Baca 10 detik
FSGI mengecam pelibatan santri dalam pembangunan musala Ponpes Al Khoziny karena berpotensi melanggar UU Perlindungan Anak.
Polisi menyelidiki kasus ini dengan merujuk pada KUHP tentang kelalaian yang menyebabkan kematian dan UU Bangunan Gedung untuk menilai standar teknis pembangunan.
FSGI menekankan perlunya pertanggungjawaban dari pengurus pesantren, kontraktor, dan pemerintah terkait lemahnya pengawasan dan keselamatan bangunan pendidikan keagamaan.
wmhg.org – Federasi Serikat Guru Indonesia (FSGI) menilai pelibatan santri dalam pembangunan musala Pondok Pesantren (Ponpes) Al Khoziny di Sidoarjo, Jawa Timur, sebagai bentuk dugaan pelanggaran terhadap Undang-Undang Perlindungan Anak. FSGI menegaskan, santri berada di pesantren untuk menimba ilmu, bukan dijadikan tenaga kerja bangunan.
“Pelibatan para santri dalam pembangunan musala Ponpes Al Khoziny dapat diduga kuat melanggar UU Perlindungan Anak karena berpotensi sebagai eksploitasi anak. Para santri belajar di Ponpes tersebut untuk menimba ilmu dan mereka bayar untuk itu semua. Mereka bukan kuli bangunan,” kata Ketua Umum FSGI Fahmi Hatib dalam keterangan resmi Minggu (12/10/2025).
FSGI menyampaikan pernyataan tersebut menyusul penyelidikan kepolisian terkait dugaan kelalaian dalam insiden ambruknya bangunan musala Ponpes Al Khoziny pada awal Oktober 2025.
Polisi telah memeriksa belasan saksi dan menggunakan Pasal 359 dan 360 Kitab Undang-Undang Hukum Pidana (KUHP) tentang kelalaian yang menyebabkan kematian dan luka-luka.
Selain itu, polisi juga merujuk pada Undang-Undang Nomor 28 Tahun 2002 tentang Bangunan Gedung, yakni Pasal 46 ayat (3) dan Pasal 47 ayat (2), untuk memastikan apakah pembangunan musala tersebut telah memenuhi standar teknis sebagaimana diatur dalam ketentuan hukum.
Pakar teknik sipil struktur menyatakan, pembangunan musala di Ponpes Al Khoziny dilakukan tanpa perencanaan yang baik dan tidak sesuai kaidah teknis.
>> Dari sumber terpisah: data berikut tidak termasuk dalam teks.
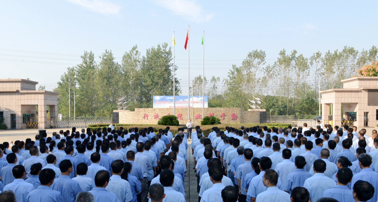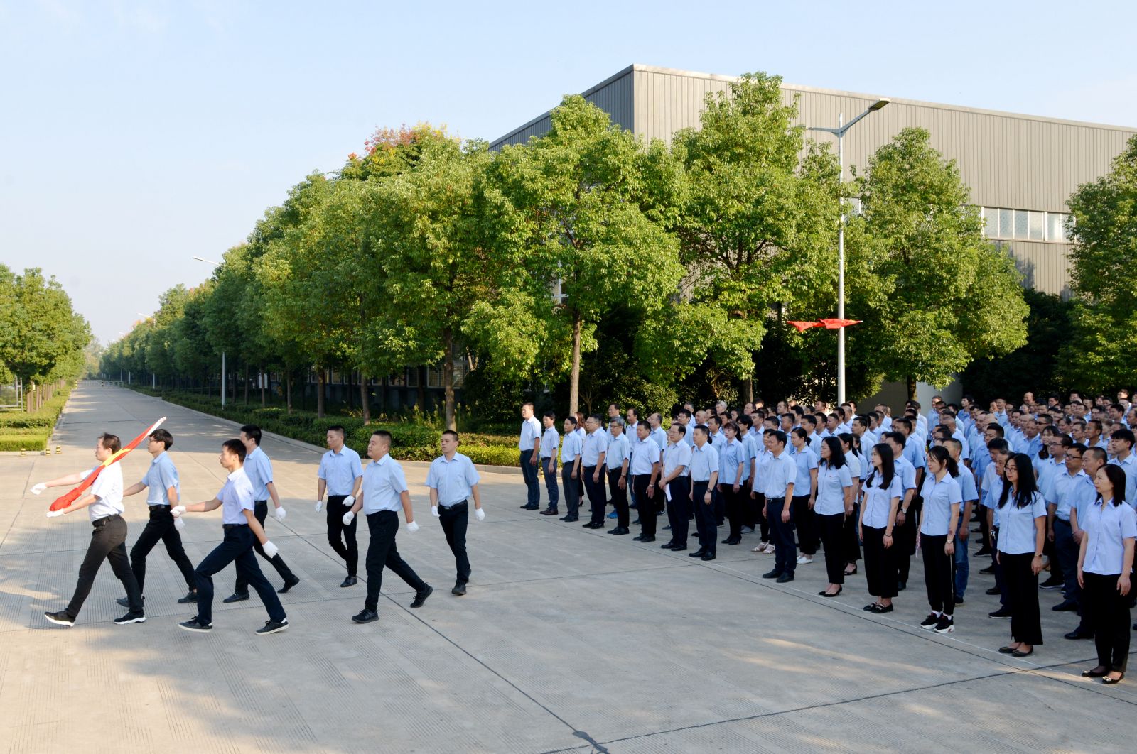 8:20時(shí),活動(dòng)儀式在總經(jīng)理焦倫進(jìn)的主持下啟動(dòng),七名旗手邁正步從員工方隊(duì)繞過(guò),直達(dá)旗壇,行進(jìn)口令威武響亮。在主持人的指令下,三名旗手將一面鮮艷的五星紅旗在莊嚴(yán)的國(guó)歌聲中徐緩地升上天空,員工方隊(duì)注目國(guó)旗,唱起雄壯的國(guó)歌。

Polisi diminta memeriksa dokumen perencanaan dan izin bangunan ponpes tersebut.
Sebelumnya, sejumlah santri mengaku dilibatkan dalam proses pengecoran bangunan musala. Salah satu orang tua santri, Ahmad Zabidi, mengatakan anaknya selamat dari tragedi karena sedang beristirahat di kamar setelah ikut kerja bakti dalam pengecoran bangunan.
FSGI menilai, jika terbukti ada kelalaian dalam kasus ini, maka sejumlah pihak dapat dimintai pertanggungjawaban.
Pertama, pengurus atau pengelola pesantren dapat dimintai pertanggungjawaban karena tetap menggunakan bangunan yang sedang dalam proses pengecoran.
Kedua, kontraktor dapat dimintai pertanggungjawaban apabila terbukti ceroboh dalam proses pembangunan, dengan dasar Pasal 359 dan 360 KUHP tentang kelalaian yang menyebabkan kematian dan luka-luka.
Ketiga, pemerintah, khususnya Kementerian Agama dan pihak terkait, juga harus bertanggung jawab karena diduga terjadi kegagalan sistematis dalam pengawasan.
FSGI menyoroti lemahnya penerapan Persetujuan Bangunan Gedung (PBG) atau Izin Mendirikan Bangunan (IMB) serta ketiadaan inspeksi keselamatan rutin di lingkungan pendidikan keagamaan.